German 'Baby Drop' Gets First Customer

ByABC News
July 5, 2000, 10:16 AM

July 5 -- Germanys controversial baby bank a drop slot for unwanted infants has announced its first successful adoption.

A baby girl left anonymously two months ago at a Hamburg clinic is well and living with her adoptive parents.

When the program for unwanted babies was launched in April, critics blasted it as an abomination a recycling center creating disposable children for the disposable society.

Proponents argued the baby bank offers troubled mothers a safe place to leave unwanted babies that may otherwise be abandoned or even killed. They feel vindicated by the successful rescue of the programs first foundling.

How It Works

A mother can approach the drop-slot without being watched by cameras, pull down the waist-high metal door, slip her infant into a baby carrier, close the door and walk away.

A silent alarm sounds, a camera watching the carrier turns on, and the baby is monitored until a nurse arrives.

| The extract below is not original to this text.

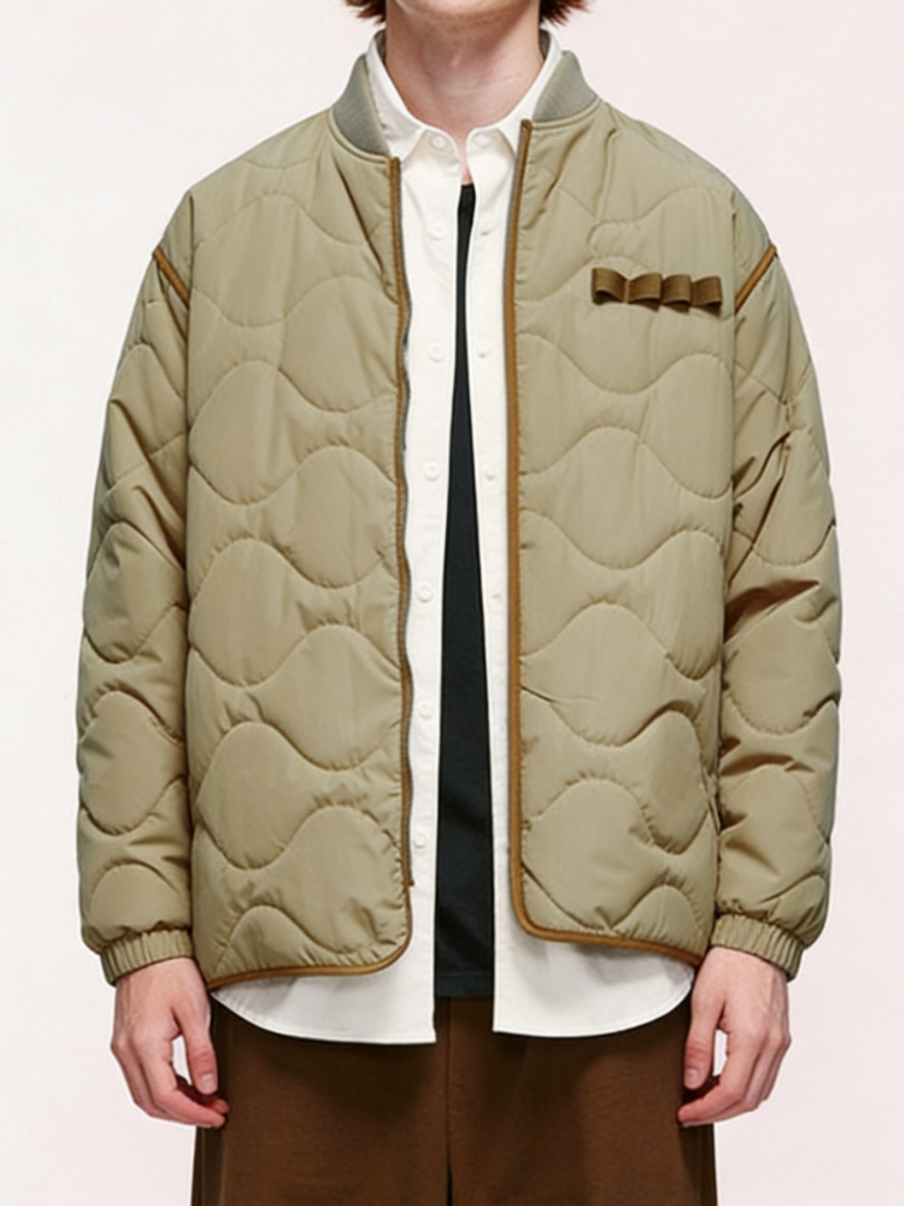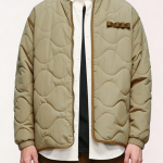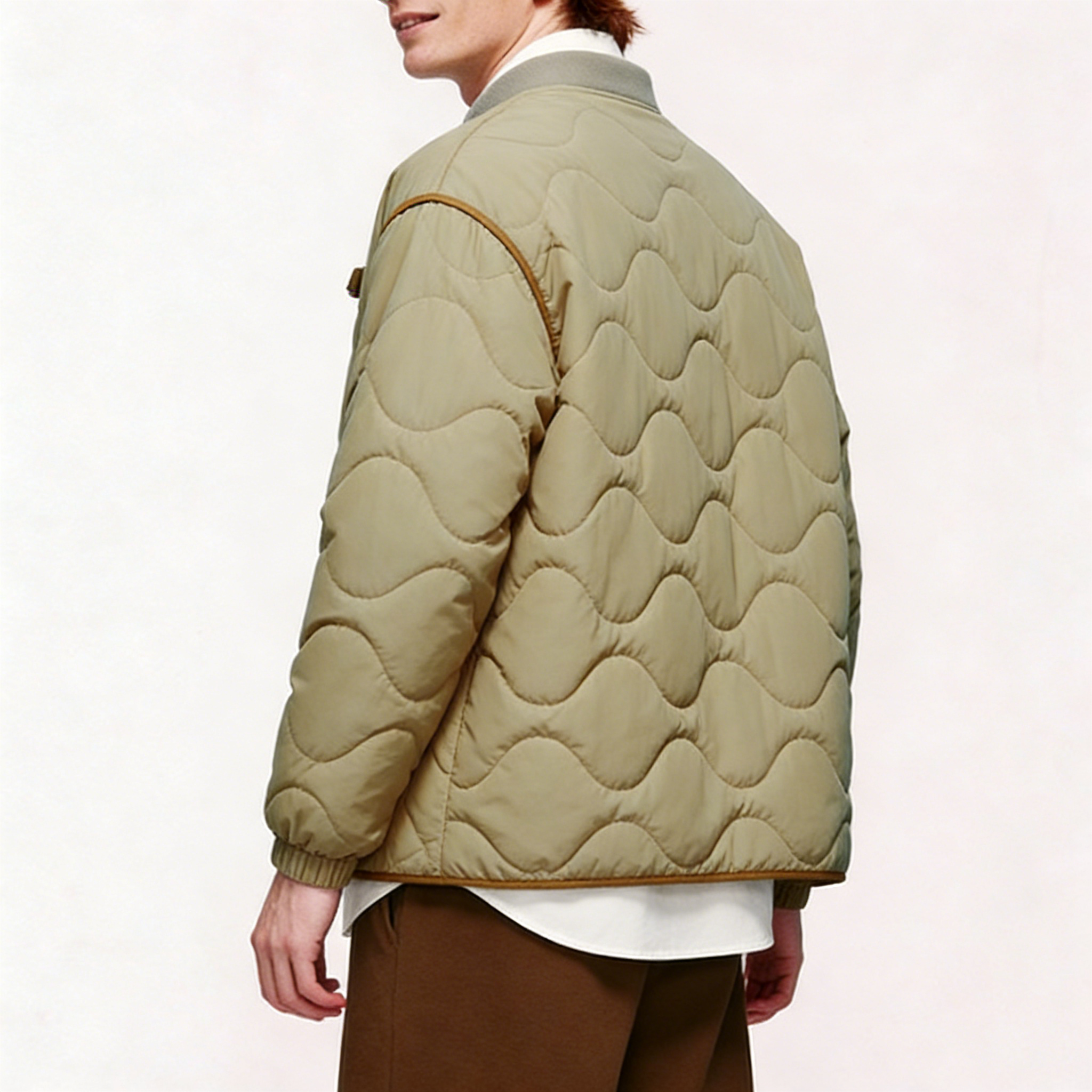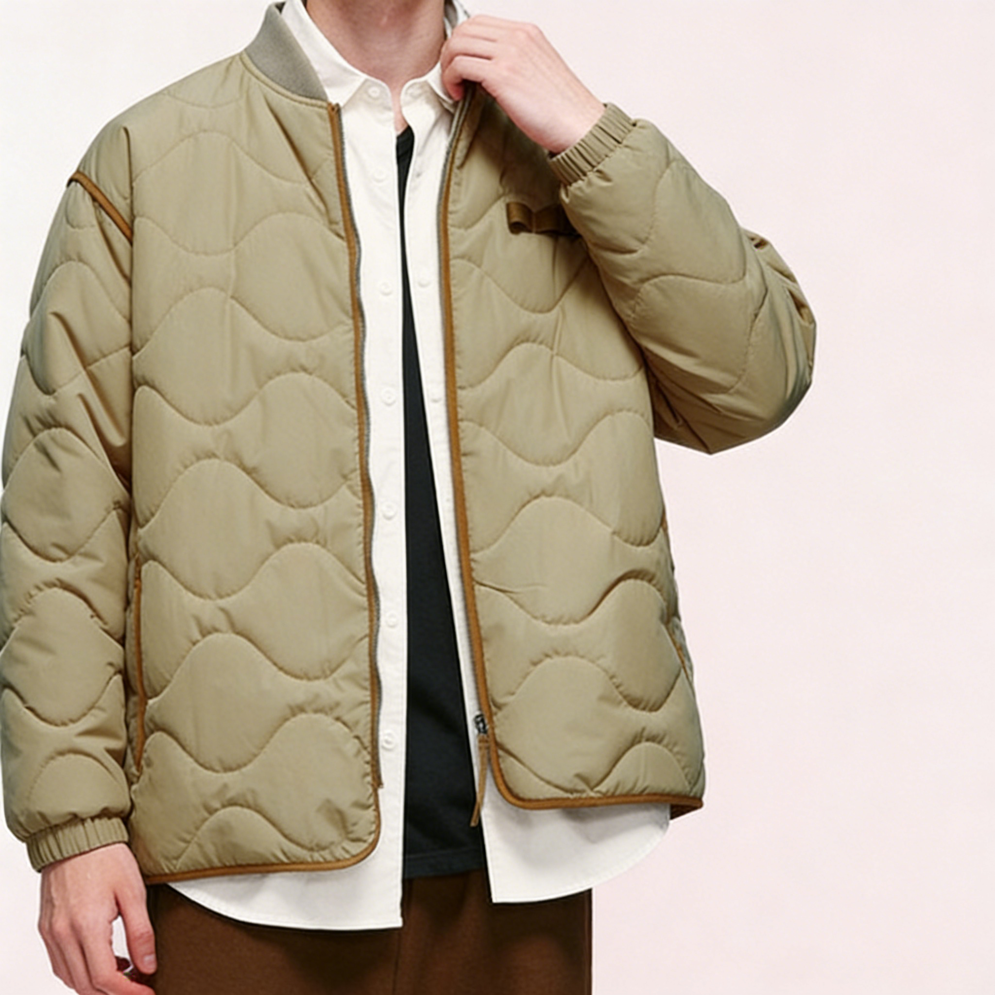 Technics: Wave-quilted construction, ribbed collar/cuffs/hem, front zipper closure, chest utility loops, contrast trim

The program, Operation Foundling, was launched in Hamburg with the intent of reducing the growing number of abandoned babies.

In Germany, the number of newborn babies found dumped in trash bins and cardboard boxes, left to die by desperate or disturbed mothers, has been growing.

First Foundling

The first baby-drop infant was slipped into the slot in May. The alarm went off and a medical worker recovered her in seven minutes.

Doctors say the baby girl was born about three weeks prematurely and the mother apparently had cut the umbilical cord herself, tying it with just a string.

The organization waited to announce the babys arrival because under German law, the mother had eight weeks to reconsider and reclaim the child.